The one we chose to have was the Strawberry Cream Martini. It was so strange to see a cloudy pink liquid being poured out of a teapot – I’m so used to the clear streams of tea that it surprised me a bit. I inhaled the scent first, and it did have a very strong smell of strawberry, which was lovely on a sunny day. Hayley said she felt like she was in Paris or some posh European city (I suppose much more posh than Glasgow) sitting in the front courtyard with the sun streaming in through the vines and the other people drinking their illicit tea next to us.
The taste was absolutely lovely. Creamy indeed. The description on the menu was “Raspberry skyy vodka & strawberry bols liqueur, infused with a touch of double cream, strawberry & champagne jam, topped up with cranberry juice”.
We enjoyed every aspect of it – and you could see the little strawberry seeds from the jam remaining at the bottom of the cup. The afternoon tea included cucumber and egg sandwiches, with a dark chocolate cake, buns, and scones with jam and cream. I think I had more cream and jam than I’ve had in a very long time! It was a proper tea, on a beautiful day, with excellent company. Absolutely ideal way to finish off and celebrate my 90 days. (We added a few cocktails, too, just because.)
My summary of the tea journey is as follows:
There are far more tea varieties than you could possibly imagine. I never had an instance where I ran out of teas to try – I could easily have carried on for the entire year with this project. I did run out of teas in my own cupboard, but that’s simply because it gets expensive buying an entire box of tea, and then realising you’ve got to go get another one for the next day! I had green teas, black teas, red/rooibos teas, white teas, fruity teas, and herbal teas. I had iced tea, hot tea, lukewarm tea (not recommended); tea with milk, with lemon, with sugar, with honey. I drank tea in Scotland, England, and America, and I tried teas originating from Africa, Thailand, India, Arizona, Japan, the Netherlands, China, and Russia. I drank tea alone, sipping quietly and enjoying a time of rest; at airports, rushing along to catch a flight; in groups of laughing people; with a close friend over long conversation; at business meetings; with family; at home; and in restaurants. There were a few teas I really did not like, but even those I came to appreciate in some way. I’ve had my entire perspective opened up, and I can’t think of a single tea that I wouldn’t at least try once. I’ve learned how to guestimate what’s in a tea without even knowing its name, and I’ve dissected tea leaves to discover the answer. I’ve fallen in love with loose leaf tea, and even more with the green variety. I still don’t like a cup of hot tea on a warm summer’s day. And I’ve enjoyed my days of rest, too.
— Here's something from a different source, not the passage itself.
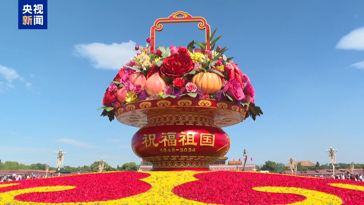 今天,北京秋高气爽,阳光明媚。天安门广场上游人如织,广场中央布置一新的巨型大花篮精彩亮相,格外耀眼,吸引了众多游客围观拍照。

I can say confidently that it was an exercise well worth completing, and I again feel that sense of accomplishment and pride that I would set out to do something, and finish it to the end. There have certainly been days when I really didn’t want to do any of it – walk, blog, drink tea, take photographs, anything – but I did it anyway. (And a few days where I didn’t want to, so I just didn’t.) As always the life lessons are:
- Any long term project is very, very hard in the middle, and towards the end. When you’ve gone long enough that you feel you’ve achieved something, but you really wish you could just be done.
- Doing something every single day is difficult, and incredibly rewarding. It is possible to write a blog post every day, to walk every day, to do what you’ve set your mind to every day.
- Being willing to try something new and away from your standard is valuable for all areas of life. It makes you think differently, see differently, and in this case, open up new worlds of taste!
- Rest is critical. It’s as much a part of the journey as the hard work, and makes the achievement possible. Trying to achieve at a high level every single day is not only impossible, but foolish.
- Celebration is a very important part of the process, too. Once you’ve achieved something fairly momentous (if only in your own mind), it’s important to recognise that with some kind of ceremony or acknowledgement – and bring friends along. Celebration doesn’t work alone.
- People notice things. Even more than the last walking challenge, I felt like no one was really reading the blog, no one commented for days or even weeks, and I wondered why I was even bothering. But everywhere I went, literally all over the world there were people asking how my tea journey was going, offering me different teas to try, joining me in the process, and even starting challenges of their own! That was the most flattering and encouraging, to realise that my own efforts had inspired someone else to do something similar. Who knows how far the encouragement of their challenges could reach?
“We can make of bread and water
Sweet feasts of toast and tea.”
- Oakland Tribune, 1903
There are such simple ingredients involved in making such a beautiful, restful, peaceful, enjoyable experience.
May the simple ingredients of your life be thus transformed.